Sunday, November 12, 2017

THE BEER BEAT: Your brain on coursework, or expanding the mind one pint at a time.

Just a few weeks ago, I happily contributed a segment to the IU Bicentennial Oral History Project.

I am the student worker of Dr. Elizabeth Gritter. Dr. Gritter is a Professor of History and Director of the Institute for Local and Oral History at IU Southeast. She is also supervising the IUS Campus Oral History Project, which is a part of the larger IU Bicentennial Oral History Project that is being done as a way to commemorate IU's upcoming bicentennial in 2020. For this project, we are conducting oral history interviews of faculty, staff, and alumni who have been a part of the IU Southeast community to learn about their experiences at the school. These interviews are then archived at the libraries at both IU Southeast and IU Bloomington.

It might help to know that from 1978 through 1982, I attended IU Southeast in New Albany. Somehow I emerged from there with a Bachelors of Arts degree (majoring in philosophy) and an impending career of It's Anyone's Guess (majoring in beer).

Majoring in beer?

Evidently. At one point in the oral history interview, I paused for breath following a rambling recollection of perhaps ten minutes' duration, all of it spent detailing fake IDs, Mario's Pizza, the family room at Steinert's, 4-for-1 Thursday nights at the Troubadour -- though omitting the famous case of Wiedemann smuggled into (and out of) the fraternity office via a trumpet case during the campus chemical cloud lockdown -- suddenly aware of my inability to remember anything substantive about any of my classes.

Or what happened to the trumpet.

1981.

I'm exaggerating, but only because even with the widespread availability of dirt-cheap rotgut beer, I couldn't possibly afford to stay drunk my entire college career.

Look, I know there have been times in my life when I drank too much, and college was one of them. I'm neither proud nor apologetic about the daze back in those days. It just was. My grade point average was B-ish, and there wasn't going to be a lucrative tenure in nuclear physics or municipal economic development waiting for me. At times, maybe we all get what we need.

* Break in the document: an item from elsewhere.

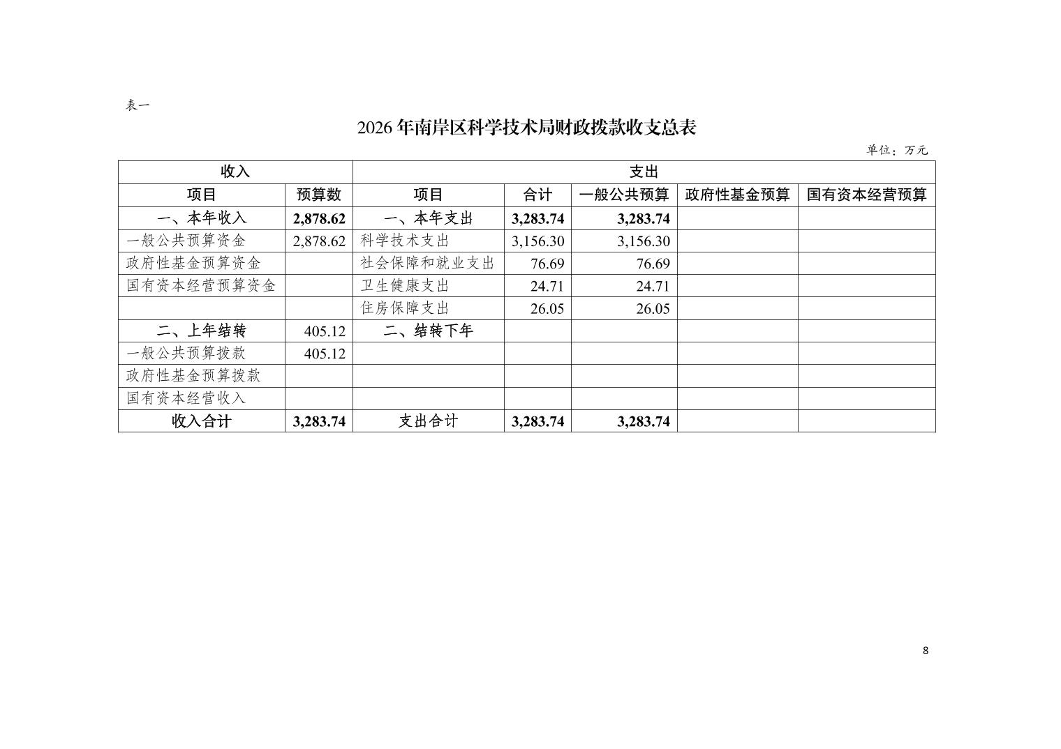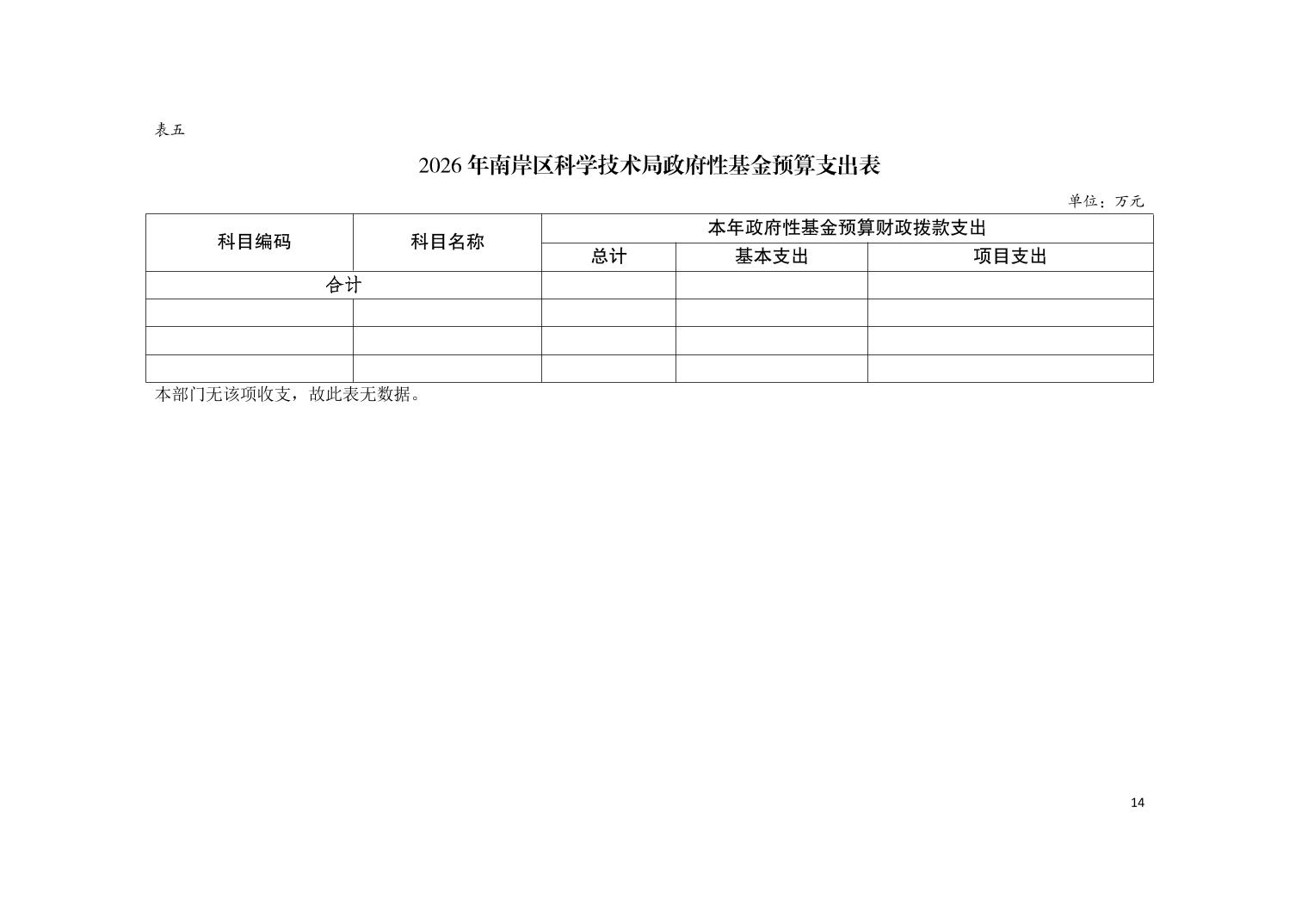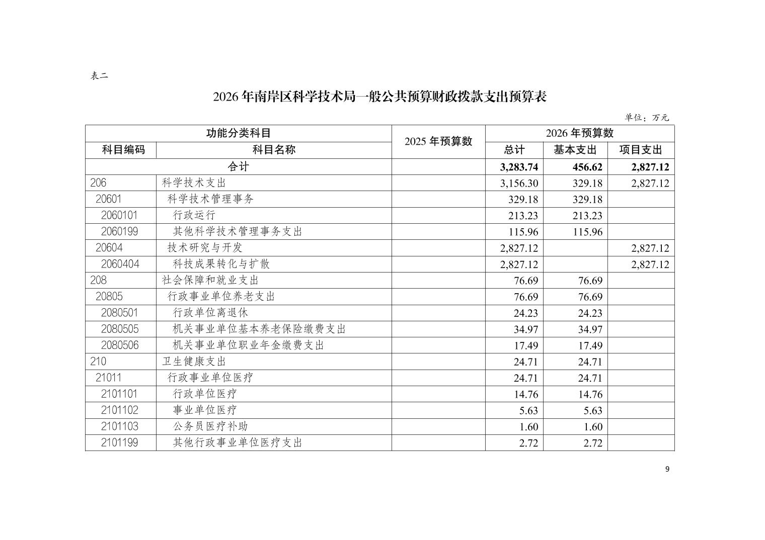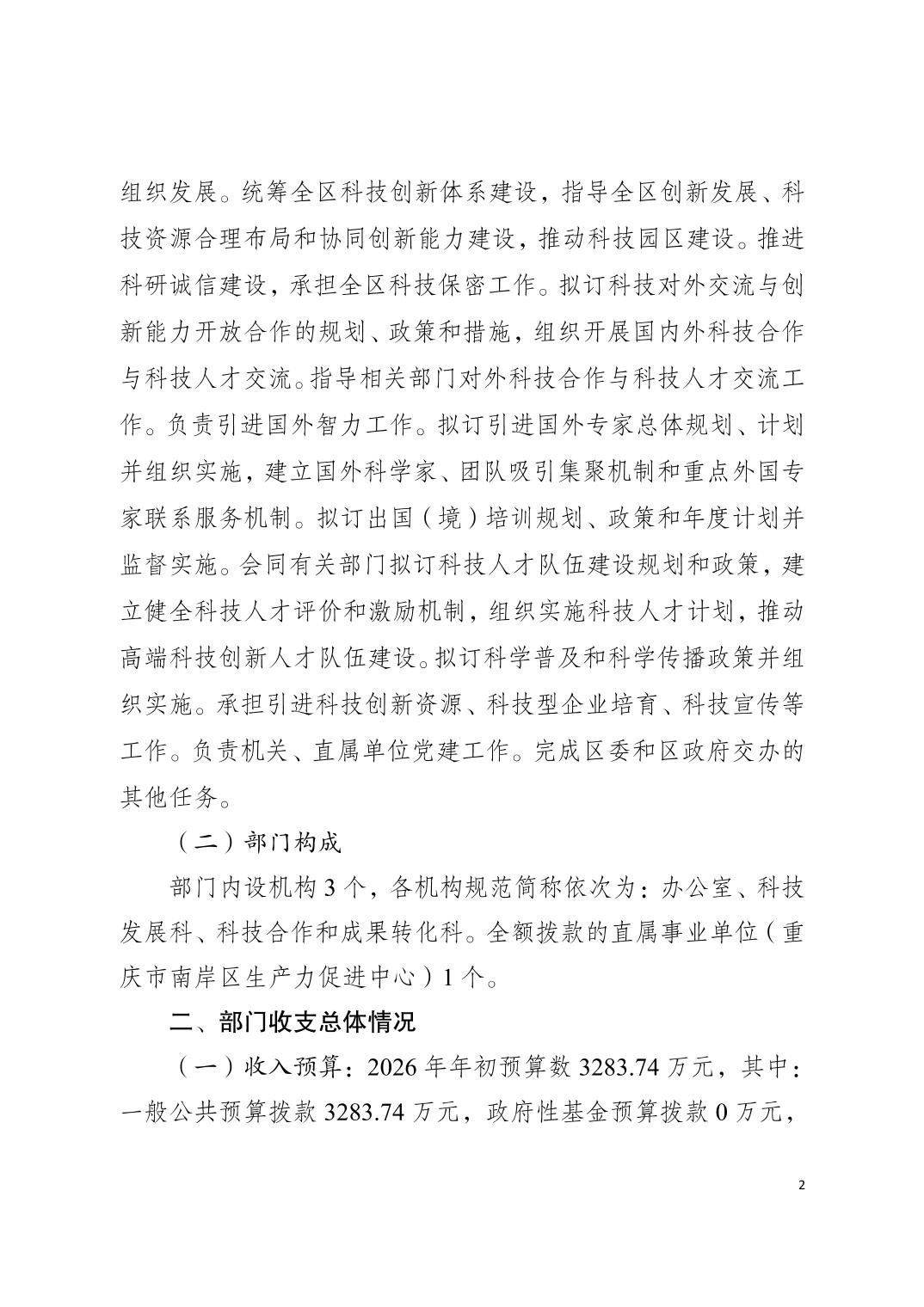 重庆市南岸区科学技术局2026年部门预算情况说明

By the way, here's a link. It may even be relevant.

E = mc^2 … and make mine a pint while you’re there, by Tim Adams (The Guardian)

A Cambridge professor forgets that a glass or two can expand the mind with amazing results

Some university professors have always made it their mission to keep their students out of the pub. Professor Eugene Terentjev, head of science at Queens’ College, Cambridge, last week provided a spectacular example of this impulse, in a note sent to his new intake of undergraduates who, he had observed, like a drink.

Professor Terentjev’s letter ran as follows: “Please be careful how you handle yourselves here; remember you are NOT at any other uni, where students do drink a lot and do have what they regard as a ‘good time’ – and you are NOT on a course, as some Cambridge courses sadly are, where such a behaviour pattern is possible or acceptable. Physical sciences is a VERY hard subject, which will require ALL of your attention and your FULL brain capacity (and for a large fraction of you even that will not be quite enough)… People who just TAKE the course, but enjoy their social life, can easily survive in many subjects, but not in this one…”

Because: your damned brain. Skipping ahead, it's delightful to learn that contemporary studies provide support for the notion of working a bit, then relaxing with the gang at a clean, well-lighted place.

Another apparent misconception in the professor’s remarks – that any kind of enjoyable social life would make it impossible to survive his course – sounded even more wrongheaded. We live in a country high in European league tables for working hours, and low in terms of productivity. Those habits are often ingrained in an education and exam culture that prioritises grind over balance. Bertrand Russell’s famous contention that human brains are capable of no more than four hours a day of serious concentration, and that the rest is best spent idling, is borne out in much of the recent science.

Recent studies of work suggest that all productivity declines sharply after 50 hours a week and that the most productive brains need about 20 minutes of inactivity for every useful hour. Crucially, the longitudinal studies show that the single key component of an engaged and productive life is the ability to forge and maintain strong friendship groups. Everything else flows from that.

Perhaps college taught me lots about pub culture, even if I didn't connect all the dots at the time.